As to the background of relative reticence in Lebanon, it also seems conceivable that the company’s connectedness with Bank Audi Group, which is no secret, would discourage some other banks in the local arena from seeking a client relationship. According to Hanna, two of the six board seats at CBS are held by Bank Audi Group, which he explains is a 45 percent shareholder (another seat is held by Berytech Fund II, or BTF II, which was, at time of writing, about to declare a $5 million equity investment and participation in CBS; the three remaining seats are with Hanna and two other executives of the company).

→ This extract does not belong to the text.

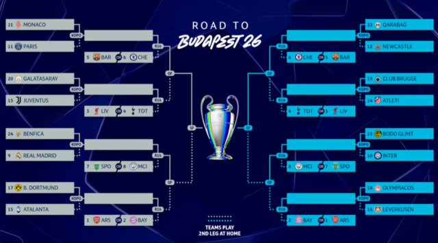 Вісім клубів, які продемонстрували найкращі результати на загальному етапі, пропускають стикові матчі та очікують на суперників у наступному раунді. Це «Арсенал», «Баварія», «Ліверпуль», «Тоттенгем», «Барселона», «Челсі», «Спортінг» та «Манчестер Сіті».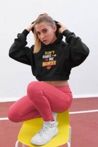 Women’s Black Cropped Hoodie with “Don’t Make Me Burst” Text Print – Trendy Cotton Hoodie

Notes in Bank Audi’s Annual Report for 2016 say under the header Other Operating Income that the group derived $25.1 million in revenues from nonbanking activities, attributed to “Capital Banking Solutions Ltd., a subsidiary.” Another note to the Annual Report states CBS Ltd. to be a company with a registered office in the Dubai International Financial Center in which the group acquired an additional 33 percent share in September 2015, bringing the total ownership stake to 70.5 percent. According to Hanna, the corporate structure of CBS includes, under a Lebanese holding, offshore and onshore corporate units in Beirut, besides the Dubai unit, which was established for the handling of international billing.

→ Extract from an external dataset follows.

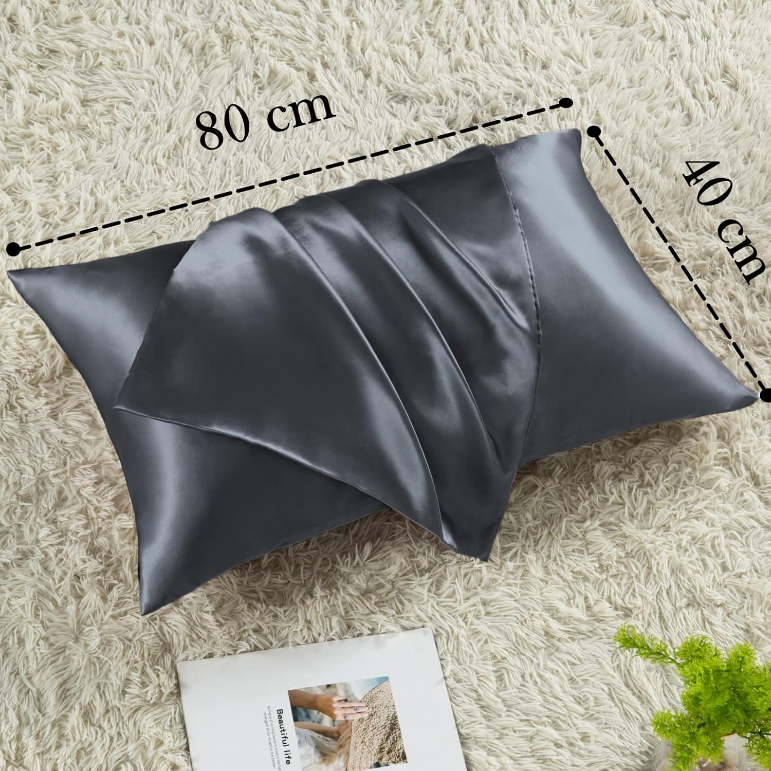 • Разнообразие от цветове и размери: Vielit предлага сатенени калъфки за възглавници в различни размери: 40 x 60 см, 40 x 80 см, 80 x 80 см, 50 x 70 см, 50 x 80 см, 60 x 60 см, 65 x 65 см и 40 x 145 см. 40 x 80 см се отнася до размера на възглавницата, като размерите на калъфката могат да варират с няколко сантиметра, за да паснат по-добре на нея. Разнообразие от цветове: Бяло, черно, сиво, антрацит, бежово, синьо и зелено, всички от които пасват идеално на всеки сезон и превръщат дома ви в модерен и луксозен оазис.

A twofold rationale drove CBS to seek an injection of fresh capital from BTF II, which is a venture capital fund that confirms on its website that its funding is sourced from Lebanese banks under the terms of central bank Circular 331. This was, on one hand, the desire to create an extensive sales department in support of CBS’ global footprint. The other aim was to create new products, from investing into an Islamic banking module to developing its cloud-based services. According to Hanna, the state of the Islamic module is about 70 percent of where CBS wants to take it, but the company already achieved sales to banks in Iraq, and the migration to offering banking software as a service in the cloud context is progressing, besides which, he says, “We went crazy on digital; we have a great digital banking module and are now finalizing our mobile banking app.” While CBS wants “to stay as far away from Bitcoin as possible,” Hanna concedes that the company has tasked a very small team with investigating blockchain and probably creating a process using the distributed ledger concept. As the digital frontier of banking will not wait for the timid, it appears encouraging that a Lebanese software company is standing its ground in technology development markets that, by all rational expectations, will have great importance in the future of banking.